Antibacterial susceptibility analysis was carried out according to the Clinical and Laboratory Standards Institute (CLSI). Müller-Hinton broth (BD Biosciences, Franklin Lakes, NJ, USA) was used to measure the MIC at a total assay volume of 100 μL. Two-fold serial dilutions were prepared between the concentration range 0.01 μg/mL and 64 μg/mL. An initial bacterial inoculum was adjusted to OD600 = 0.06 and incubated with test compounds at 37 °C for 18–20 h. After incubation, the plates were read at OD600, and the lowest concentration of compound that inhibited bacterial growth was reported as the MIC.
Intracellular Bacterial Killing Assay in Macrophages.

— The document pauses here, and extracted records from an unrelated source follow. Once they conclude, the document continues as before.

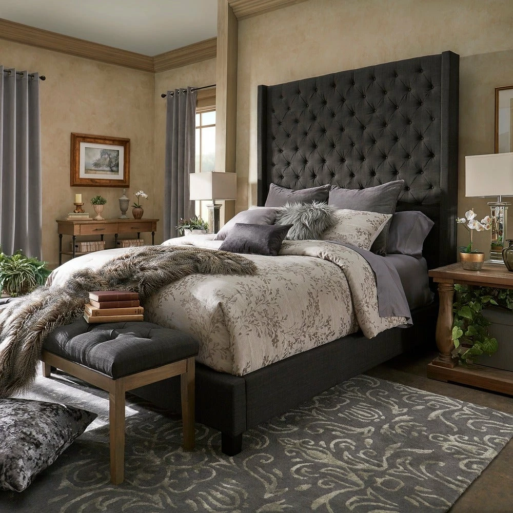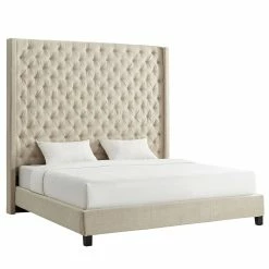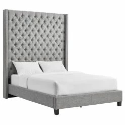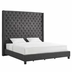 With a tall, sweeping silhouette rife with the classic elements of traditional styling, this platform bed is sure to please. A handsome wingback headboard makes the bed the centerpiece of your bedroom, giving off a sophisticated air. The sturdy frame is finished with espresso legs for a sleek and rich accent.
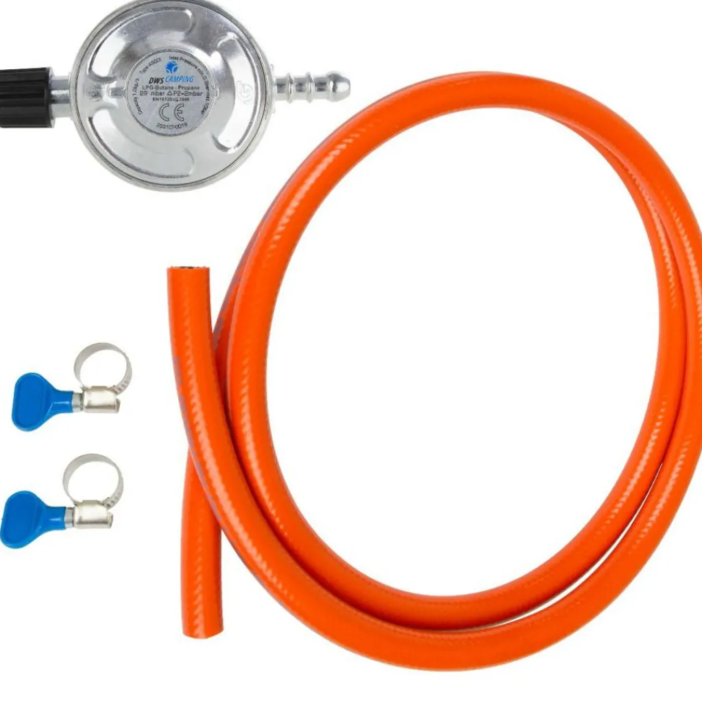 De DWS gasdrukregelaar met slangpilaar wordt geleverd met slang en klemmen om de gastoevoer goed te laten verlopen. Deze DWS drukregelaar wordt geleverd met een slang van 1,5 meter en twee klemmen. De gasdrukregelaar heeft een gasdruk van 29 mbar. Met deze regelaar koppelt de gasfles aan de installatie en zorgt de regelaar voor een constante druk.
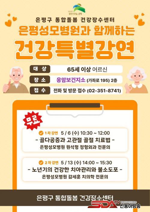 À̹ø °¿¬Àº ÀºÆò±¸ ÅëÇÕµ¹º½ °Ç°Àå¼ö¼¾ÅÍ¿¡¼ ÁøÇàµÇ¸ç, ³ë³â±â¿¡ ÀÚÁÖ ¹ß»ýÇÏ´Â ÁÖ¿ä ÁúȯÀÇ ¿¹¹æ°ú °ü¸®¸¦ ÁÖÁ¦·Î 2ȸ¿¡ °ÉÃÄ ÁøÇàµÈ´Ù. ÀºÆò¼º¸ðº´¿ø Àü¹®Àǰ¡ Á÷Á¢ °ÀÇÇØ ½Å·Úµµ ³ôÀº °Ç° Á¤º¸¸¦ Á¦°øÇÑ´Ù.
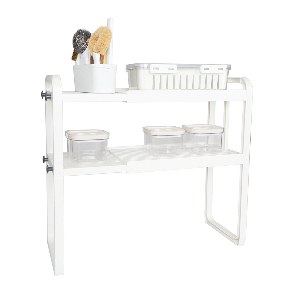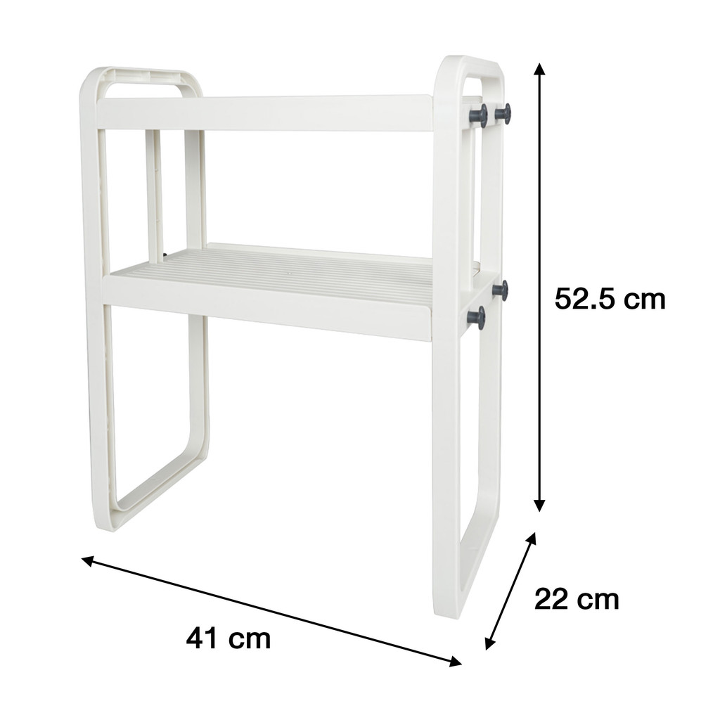 KASSA HOME ชั้นวางของพลาสติก 2 ชั้น แบบยืดหดได้ รุ่น H-8512-2 ขนาด 41 x 22 x 52.5 ซม. สีขาว

RAW 264.7 mouse macrophage cells were used to investigate the intracellular infection of MRSA-MW2 and intracellular killing efficiency of vancomycin loaded ReApoBds. The MRSA-MW2 infection assays were carried out in triplicate. Briefly, macrophages were cultured and maintained as described above. Cells (50,000) were seeded in 24-well plates 24 h prior to infection. The multiplicity of infection (MOI) 25 (i.e., 25 bacterial cells per macrophage) of MRSA-MW2 were added to macrophages for 2 h to allow phagocytosis. Planktonic bacteria were removed, and DMEM with 200 μg/mL gentamicin was added to cells for 2 h to inhibit/kill remaining extracellular bacteria. Antibiotic and serum-free DMEM with or without formulations were added, and the cells were incubated under 5% CO2 for 20 h. Intracellular S. aureus bacterium is able to replicate in and release from macrophages. To assess the intracellular and released bacterial cells, SDS was added to a final concentration of 0.02% (i.e., lyses only macrophages and not ingested bacteria). To assess the intracellular killing alone, the supernatant was removed and washed with PBS twice, and DMEM with 0.02% SDS was added to lyse macrophage to release intracellular bacteria. Cell lysates were diluted serially, and CFUs were enumerated by plating on TSA plates (total viable count). Free vancomycin (8 μg/mL) was used as a positive control and DMSO at a final concentration of <0.1% as the negative control.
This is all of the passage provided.